When you get married, have a child or buy a home, you usually re-evaluate your insurance. However, in business, events like winning a bid, hiring new employees, or signing a contract can trigger an insurance review.
When a company grows, it changes, and it's a challenge to ensure that an insurance program changes with it. Few businesses need or have the money to buy insurance for everything. Nevertheless, a few situations may warrant a re-evaluation:
* Hiring extra help. A business can be held liable for outside contractors. When you need to hire extra help, even temporarily, it's important to investigate how hired hands and their actions will be covered by your insurance.
Adding specialized endorsements to an existing insurance program can fill in coverage gaps. For example, a contingent transportation liability endorsement would provide a waste firm protection if they hired transporters.
* Increase your staff. If you increase staff, undoubtedly the potential for employee-related problems will increase. Certainly check of your workers' compensation insurance, but another area - employment practices liability (EPL) - is receiving increased attention. Today, discrimination issues, wrongful termination, sexual or racial harassment, and violations of the Family and Medical Leave Act or the Americans with Disabilities Act all can lead to costly lawsuits. Specific insurance coverage is available in separate EPL policies, which vary greatly in scope, terms and deductibles.
* Expansion. To cover increased replacement costs when a home's value grows, you increase your homeowner's insurance. The same is true for expanding companies. As your business grows, ask yourself, "does my insurance plan offer enough protection?" Larger companies are involved in larger contracts and business commitments, and they usually offer services to a broader geographic area. A business must assure that liability limits are high enough to provide sufficient financial protection to keep the business "in business," should a claim, accident or lawsuit occur.

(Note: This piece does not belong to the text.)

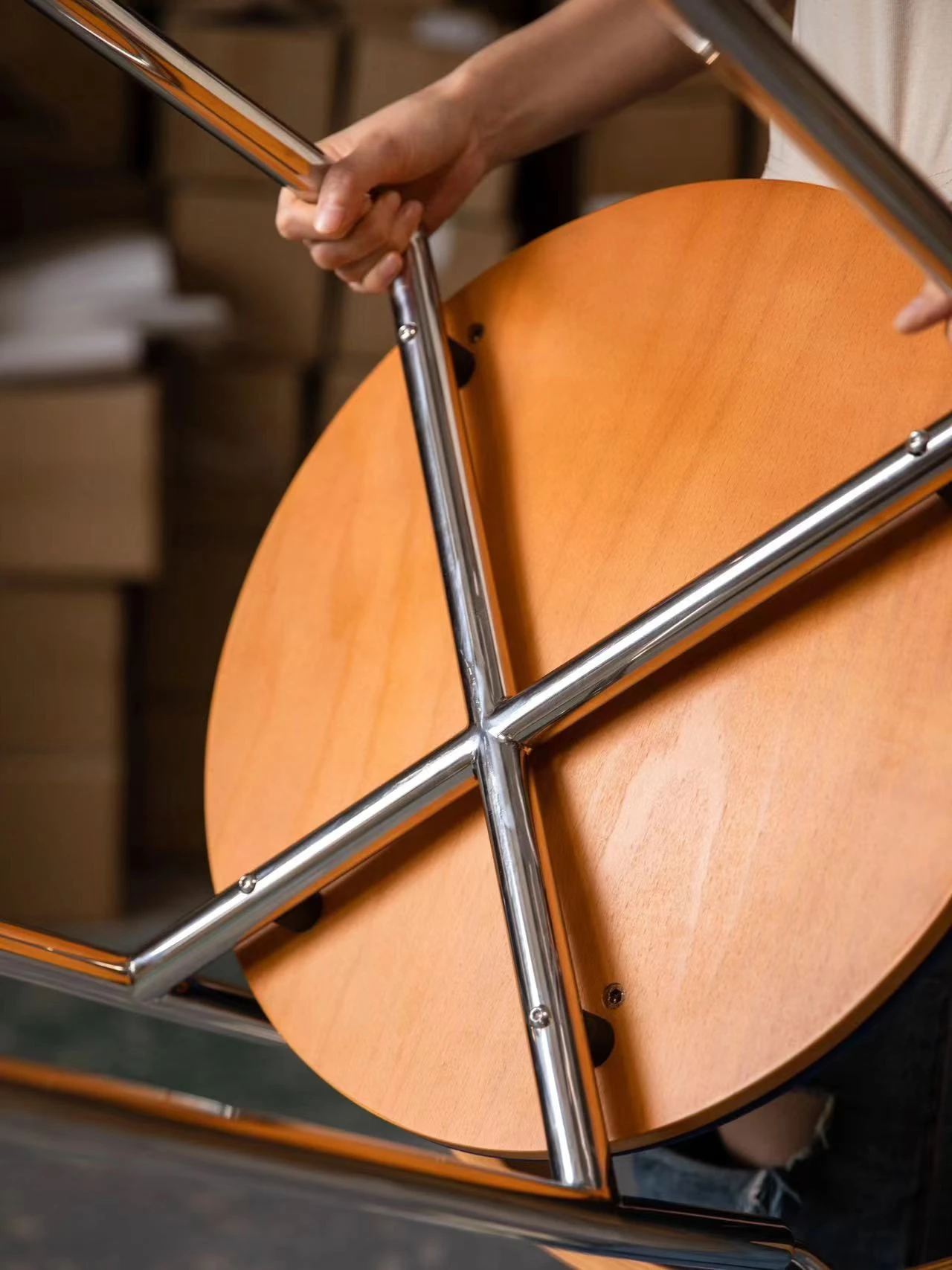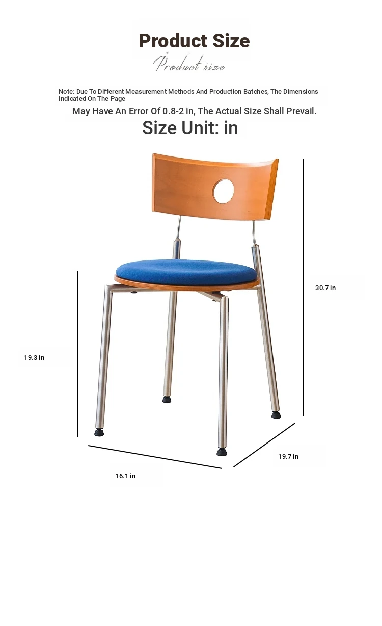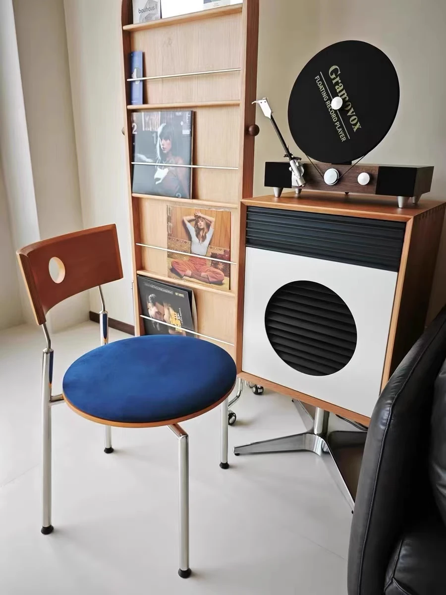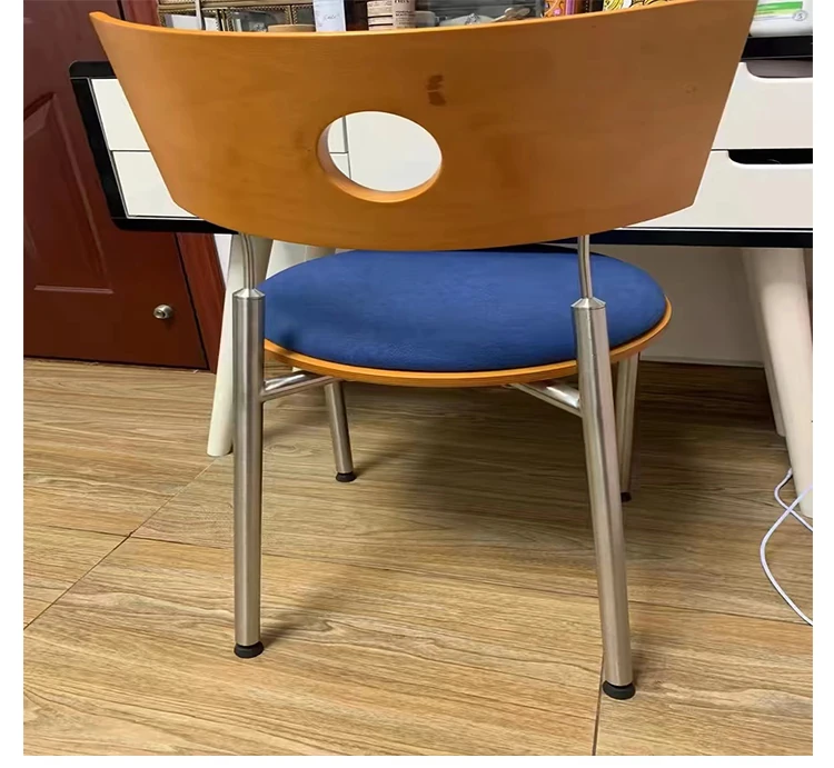 Vintage Solid Wood Dining Chair with Backrest - Bauhaus Style Mid-Century Chair, Stainless Steel Restaurant Stool, Designer Seating for Home Use

For many businesses, growth opportunities are global. As businesses expand overseas, it's essential to determine if the company's insurance program will extend abroad. Global expansion creates new challenges, such as managing expensive and difficult claims brought against U.S. companies. For instance, contractual language such as "Standard of Care" or providing services at a specific skill level may be defined differently.

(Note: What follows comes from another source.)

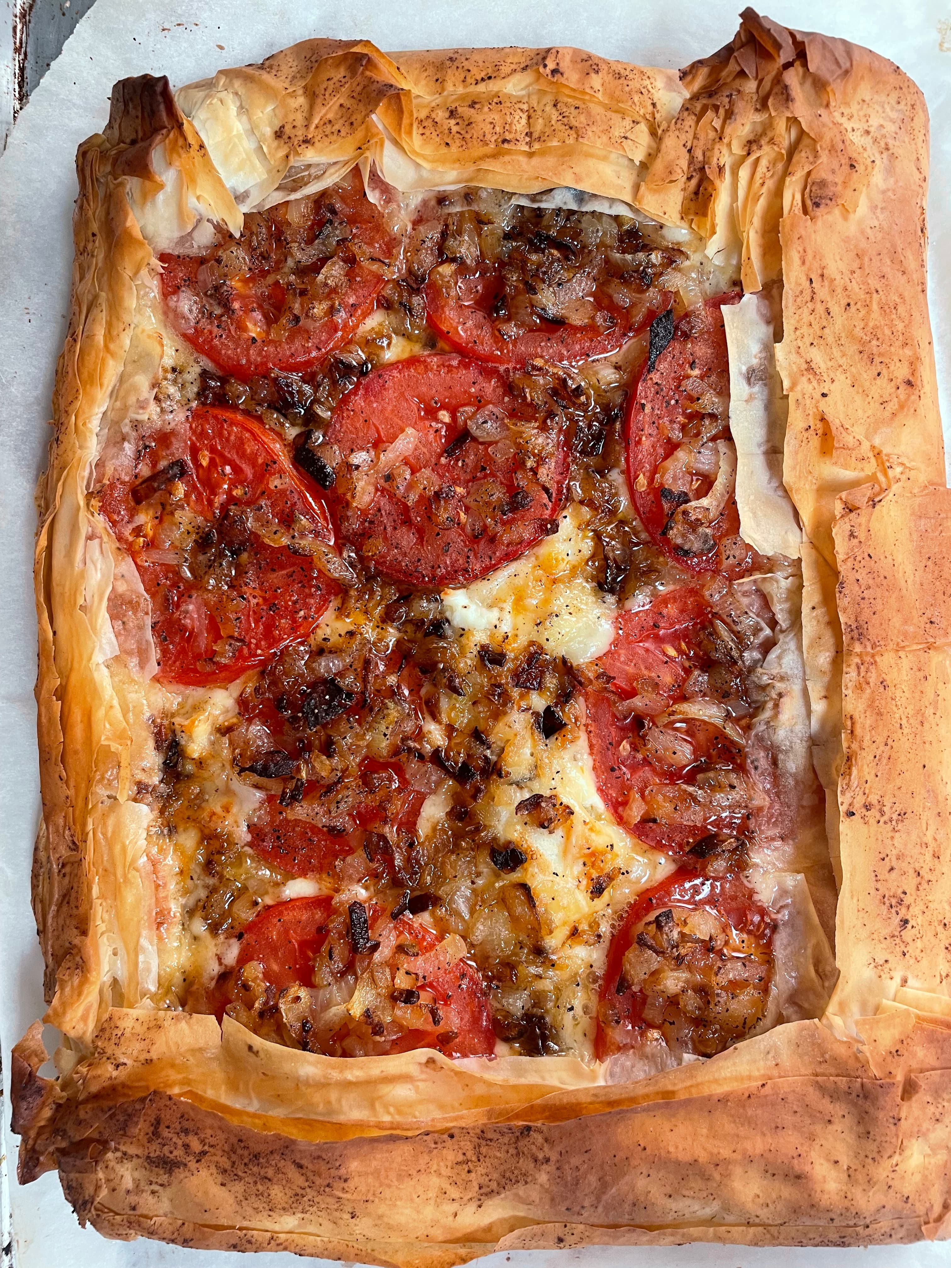 A tomato tart with gruyere, ricotta and onions. My mother had all the ingredients ready to make this when I arrived today, except she had bought phyllo instead of puff pastry. We rolled with it anyway.
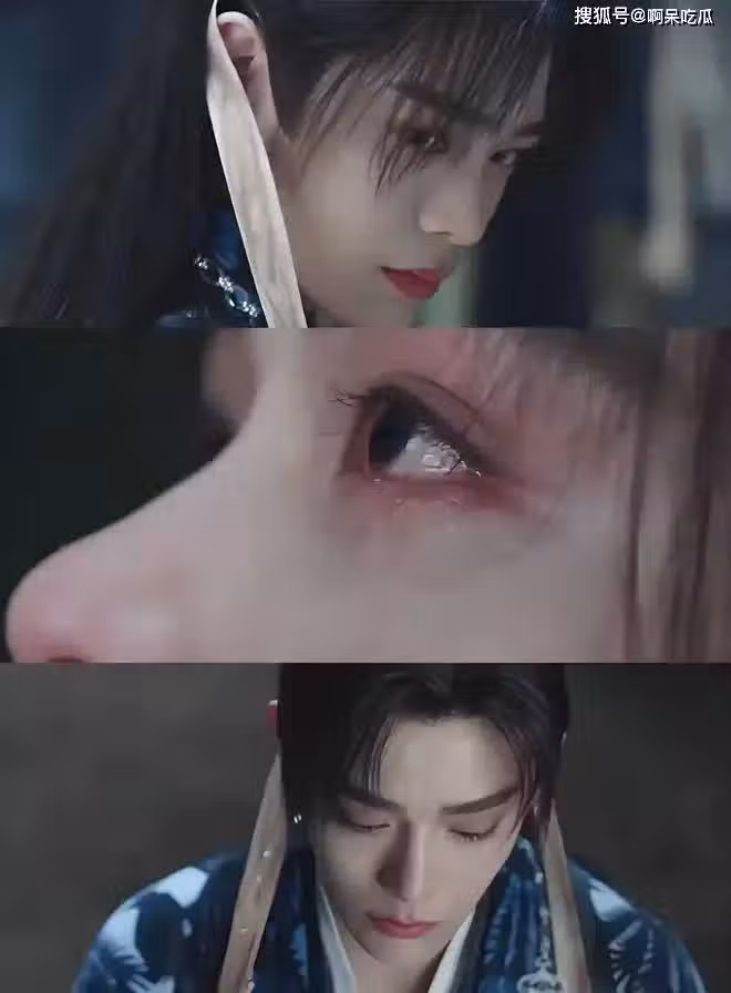 最後,為了保護愛人而擊向自己的那一掌,幾秒鐘內,眼神在黑與白之間瘋狂切換,完美展現了角色的掙扎感。

For example, in some countries you may be liable once an error is identified instead of when economic damages are incurred by a third party. Then, Statutes of Limitation - the time in which a third party can bring a lawsuit or be barred from doing so - vary from a few months to several decades, depending on the country. In addition, foreign countries may require special general liability and workers' compensation protection for employees.

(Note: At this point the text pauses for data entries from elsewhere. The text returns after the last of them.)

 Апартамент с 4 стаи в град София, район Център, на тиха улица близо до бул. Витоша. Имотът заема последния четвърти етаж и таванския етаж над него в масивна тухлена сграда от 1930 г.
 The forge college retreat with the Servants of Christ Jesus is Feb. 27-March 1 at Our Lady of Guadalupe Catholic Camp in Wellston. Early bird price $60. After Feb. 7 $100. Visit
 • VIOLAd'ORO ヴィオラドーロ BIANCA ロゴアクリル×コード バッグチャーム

* Property sale or purchase. In insurance, commercial real estate can be an asset or liability. Some companies are using insurance in marketing, purchasing coverage to assuage potential buyers' fears about environmental liability. So, it may be wise to adjust insurance coverage by re-investing property premiums into another line of insurance.
If selling a property provides revenue, making the initial investment in premium costs may be worthwhile. When purchasing property, assuring adequate limits to cover the property is of prime importance. Other insurance coverage that protects a business' property investment include residual value loss, fire and flood.
Assuring proper insurance coverage can be tricky. However, keep in mind how much your company is worth, and to what extent the company needs to be protected while continuing to grow. Too many businesses don't realize the coverage gaps in their insurance policies as operations change. But these gaps can cost significant time and money when fighting about the lacking coverage in court.